BTW. I doubt that you’ll get satisfactory definition of “able to reason” (or “conscious” or “alive” or “chair”). As they define more an end or direction of a spectrum, not an exact cut off point.

Current llms are impressive and useful, but given how often they spout nonsense, it is hard to put them into “able to reason” category.

mewpmewp2 709 days ago

> learning from single article /book with lasting effect (accumulation of knowledge)

If you mean without training the model, it can be done by using RAG, and allowing LLM to decide what to keep in mind as learnings to later come back to those. There are various techniques for RAG based memory/learning. It's a combination of querying the memory that is relevant to current goal, as well as method to keep most recent info in memory, as well as compressing, throwing out old info progressively, assigning importance levels to different "memories". Kind of like humans, honestly.

> arithmetics without unexpected errors

That's a bit handwavy, because humans make very many unexpected errors when doing arithmetics.

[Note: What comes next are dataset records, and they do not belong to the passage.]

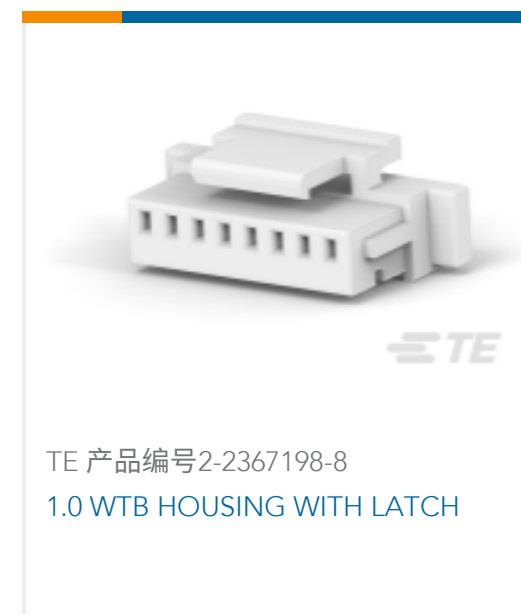
TE 产品编号2-2367198-8 1.0 WTB HOUSING WITH LATCH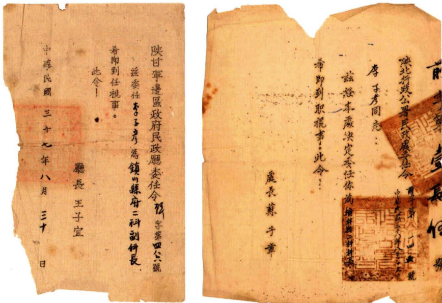
(左图) 1948年8月，陕甘宁边区政府民政厅委任镇川县府财政科科长令 (右图) 1949年8月，陕北行政公署民政处委任榆林县财政科科长令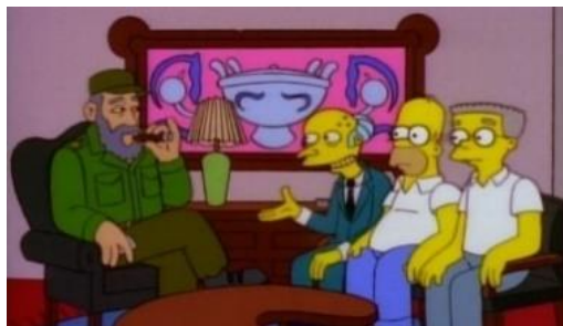
Imagen 4: Burns, Homer y Smithers le piden el billete a Fidel Castro.

En la siguiente escena aparecen los tres hombres en una barca en medio del mar apenados. Entonces el Señor Burns decide volver a América, sin importarle que le metan en la cárcel, ya que piensa sobornar al jurado.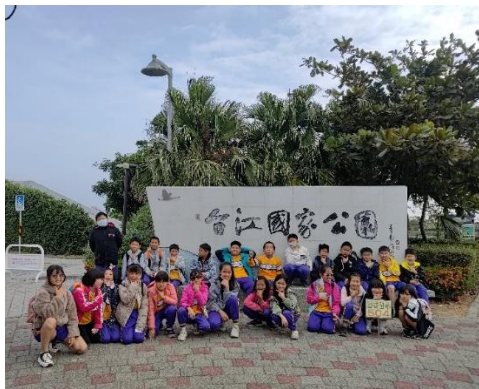
學生至台江國家公園體驗濕地生態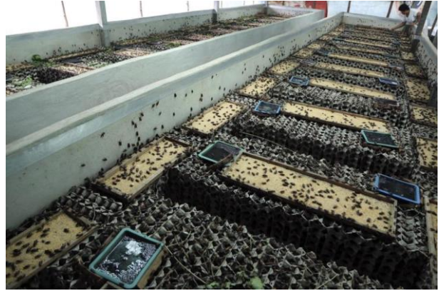
Slika 2. Farme jestivih insekata

Alge, posebice autotrofne alge koje posjeduju klorofil i obavljaju fotosintezu, mogu biti također izvrstan izvor hrane za ljude i životinje i rješenje za globalni nedostatak hrane. Budući da se alge mogu uzgajati u slatkoj vodi, morima i oceanima, a neke vrste zahtijevaju malo svjetlosti pa uspijevaju i do 200 m dubine, praktički je neograničen proizvodni prostor. Također, alge mogu biti sirovina za proizvodnju biogoriva što bi smanjilo potrebu korištenja fosilnih goriva kao i korištenje kopnenih biljaka u proizvodnji biodizela i bioplina. Smatra se da na Zemlji živi ~10.000 vrsta algi, a kao hrana koristi se tek 30-ak vrsta crvenih, smeđih ili zelenih algi.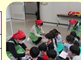
おくばみがきができたら、 ご褒美シールを渡します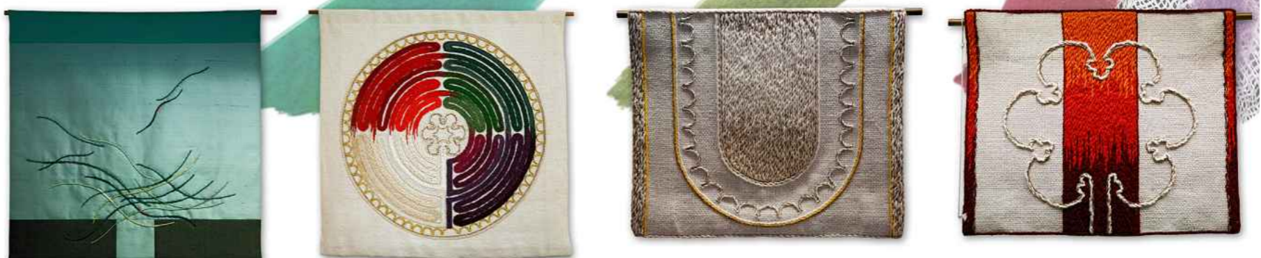
Reiche Symbolsprache: Textilien für Kirchen regen zur Meditation an.

zu neuer Blüte. Er gilt als Erneuerer der Paramentik. Im Jahr 1858 gründete er einen Paramentenverein, dem viele Nachahmer in Diakonissenhäusern folgten. Einige dieser Werkstätten bestehen bis heute; die Darmstädter Textilwerkstatt zum Beispiel, die im Jahr 1891 gegründet worden ist. Heute beschreiten die Paramentikerinnen neue Wege jenseits traditioneller Formgebung , arbeiten mit Künstlern zusammen und gehen mit den Textilien stärker in den Kirchenraum hinein – um ihre Kunst weiterzuentwickeln, aber auch, um ihren Broterwerb zu sichern. »Lass einen Vorhang aus roter und blauer und karmesinroter Wolle weben und mit Kerubenbildern besticken; als Kettfäden nimmst man gewirntes Leinen.« (2. Mose, 31)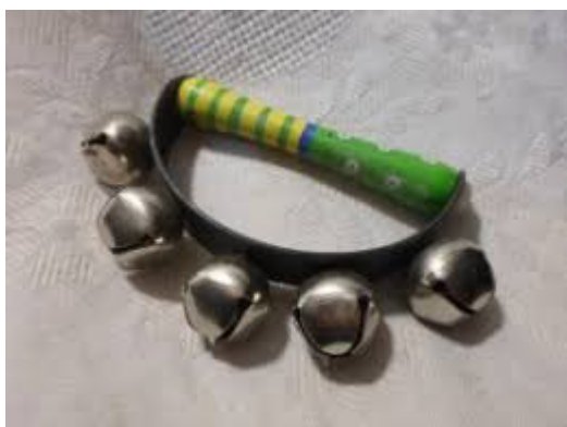
Slika 13. Praporci

Praporci se sastoje od metalne loptice u čijoj se unutrašnjosti nalazi metalna kuglica. Loptice su pričvršćene za drveni ili kožni polukrug. Praporci su nekada bili dio konjske opreme pa često njihov zvuk podsjeća na kas konja (Kusovac, 2010).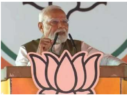
గణపతి బహుమతి జరిగిన అనంతపురం మహారాష్ట్ర కాంగ్రెస్ నేతలు మాట్లాడుతూ లేదని విమర్శించారు. కాంగ్రెస్ అంటేనే అబద్ధాలు అని, మహారాష్ట్ర ప్రజలు అప్రమత్తంగా ఉండాలన్నారు. రైతులను నాశనం చేసిన కాంగ్రెస్ పార్టీకి మరో అవకాశం ఇవ్వకూడదన్నారు.

దెయ్యం పూసుకుందన్నారు. నేటి కాంగ్రెస్ పార్టీలో దేశభక్తి అనే భావనే లేదన్నారు. కాంగ్రెస్ నేతలు యాంటీ ఇండియా ఎజెండాను కొనసాగిస్తున్నారని మండిపడ్డారు. రిజర్వేషన్ వ్యవస్థపై అమెరికాలో వ్యాఖ్యలు చేసిన ఆ పార్టీ నేతను సొంత పార్టీ నాయకులే తప్పుపడుతున్నారన్నారు. అవినీతిమయమైన పార్టీ ఏదైనా ఉందంటే, అది కాంగ్రెస్ పార్టీయే అన్నారు. ఆ పార్టీ కుటుంబ సభ్యులే పెద్ద అవినీతిపరులు అని విమర్శించారు. కాంగ్రెస్ పార్టీ గణపతి పూజను కూడా ద్వేషిస్తోందన్నారు. గణపతి పూజకు వెళ్లే రాజకీయాలు ఆపాదించడం ఏమిటని ఆగ్రహం వ్యక్తం చేశారు. కర్ణాటకలో గణపతి బహుమతి జైల్లో వేశారని, ఓ లీగ్ హాస్పిట్ పోలీస్ వ్యాన్లో పెట్టారని ద్వేషమెశారు.

> gauging reliability of information it’s printing

Arguably most people also whatever they output, they are not very good at gauging the reliability. Also you can actually make it do that with proper prompting. You can make it debate itself, and finally let it decide the winning decision and confidence level.

Kiro 709 days ago

Go look at the top comment of this thread: https://news.ycombinator.com/item?id=40900482

That's the kind of stuff I want to see when opening a thread on HN, but most of the times we get shallow snark like yours instead. It's a shame.

p1esk 709 days ago

LLMs are trained to predict the next word in a sequence. As a result of this training they developed reasoning abilities. Currently these reasoning abilities are roughly at human level, but next gen models (gpt5) should be superior to humans at any reasoning tasks.

soist 709 days ago

How did you reach these conclusions and have you validated them by asking these superior artificial agents about whether you're correct or not?

cowsaymoo 709 days ago

The vocabulary used here doesn't have sufficient intrinsic dimension to partition the input into a low loss prediction. Improvement is promising with larger context or denser attention.